To verify the behavior described above by means of simulation, a set of testbenches tests the reaction of the system to a trigger T for each transmission step. This leads to one testbench for every point in time where T could be issued. In other words the number of testbenches is basically given by the length of the frame measured in clock cycles. In addition several parameters influence the number of simulation runs needed to get an exhaustive result.

Because of the variety of possible combinations of the characteristics the state space to be covered by the implemented tests becomes extremely large. When adhering to bit wise simulation this means that every combination of internal signals and states of the design under test (DUT) has to be considered. It is necessary to provide a set of simulation stimuli to send the DUT into all possible internal states. It has to be assured that all internal signal and state combinations that can result from the communication history of the DUT (that can be of arbitrary length), messages sent or received, and all external signal variants over time are covered. The more complex the core gets, the larger the number of test cases gets in order to reach full coverage. This makes it impossible to exhaustively test complex designs in a reasonable amount of time.

Therefore the verification is most commonly restricted to a selected number of test cases that are found to be meaningful by some metrics. However the generation of the test cases itself is error-prone as there are few means to detect erroneous simulation scenarios. In addition the problem here is to know whether all relevant test cases are covered in the test bench since a full test coverage is usually not achievable.

# III. BACKGROUND

In this chapter we provide some basic information on the LIN protocol that should help to understand the presented case study. We will also shortly introduce the applied verification methodology.

#### A. LIN Protocol

The Local Interconnect Network (LIN) is a serial protocol with deterministic data cycles. It is mostly used for robust, low frequency communication links in simple actuator sensor networks for non safety critical applications.



Fig. 1. LIN Communication

LIN is as a single master, multi slave system thus not requiring complex arbitration schemes. All communication is controlled by the central master that is polling the slaves regularly based on a predefined schedule table. Every node in the LIN network implements a slave task to handle the communication protocol. The single master node implements an additional master task that is responsible for controlling the communication as roughly depicted in figure 1. A header is issued by the master task, followed by a response of one single slave task.

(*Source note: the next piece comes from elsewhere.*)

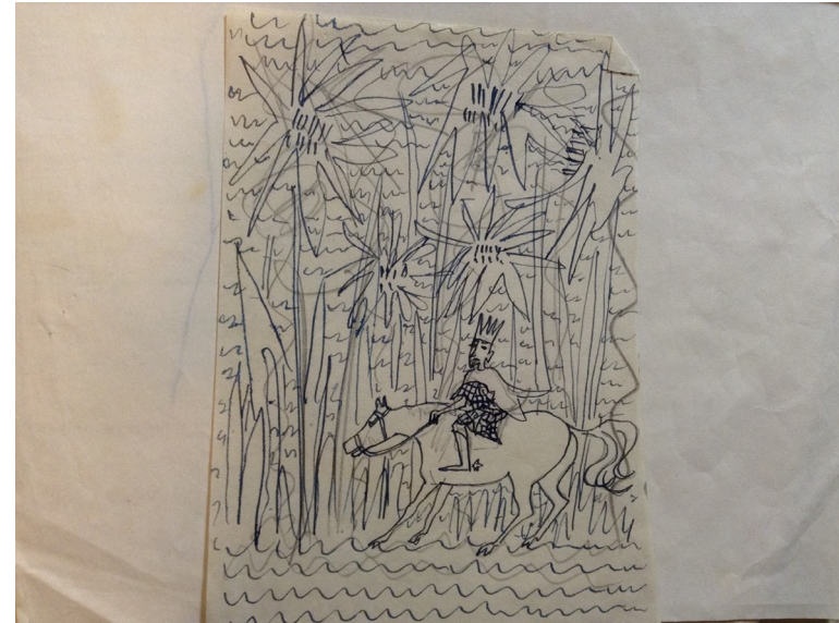
Fig.2 Stevie Smith unpublished drawing of King Arthur

Fig. 2. LIN Protocol Frame

Figure 2 gives an overview of the header's content. The first field of the header is the SYNC Break Field (from here on denoted as BREAK). It marks the begin of a new transmission by sending at least 13 dominant bits followed by one recessive delimiter bit. As the LIN uses open-collector bus drivers, the dominant bits override all other transmission. The LIN specification states that this break condition has to be detected after 11 bits at any time during operation.

Following the BREAK is the SYNC field, consisting of ten alternating bits that are used to synchronize the slave to the master clock. For the clock frequency, the LIN specification allows for deviations of up to  $\pm 15\%$  to the nominal clock frequency.

Finally the header frame is closed by the Protected Identifier (PID) field that addresses the slaves and determines their desired behavior.

The slave response can then consist of up to eight data bytes and an additional checksum byte. Every data byte of a transmission is extended by a start bit as well as a stop bit. The only exception to this rule is the BREAK symbol.

# B. Methodology

In this chapter we give a short overview of the formal verification methodology used in our case study. We are using the GapFreeVerification<sup>TM</sup> [4] technology developed by OneSpin solutions, one of the partners in the HERKULES project. This technology ensures that the behavior of the Design Under Test (DUT) is fully covered by the property set that is used for verification. One element of the technology is the so called property graph that links together all properties of a property set. Thus all properties are linked together having one or more predecessors and successors. This means that each individual property describes only part of the behavior of the DUT usually making them shorter and more comprehensible. Therefore the verification engineer has to find a suitable way to split the desired behavior of the DUT into smaller parts that can then be transformed into properties.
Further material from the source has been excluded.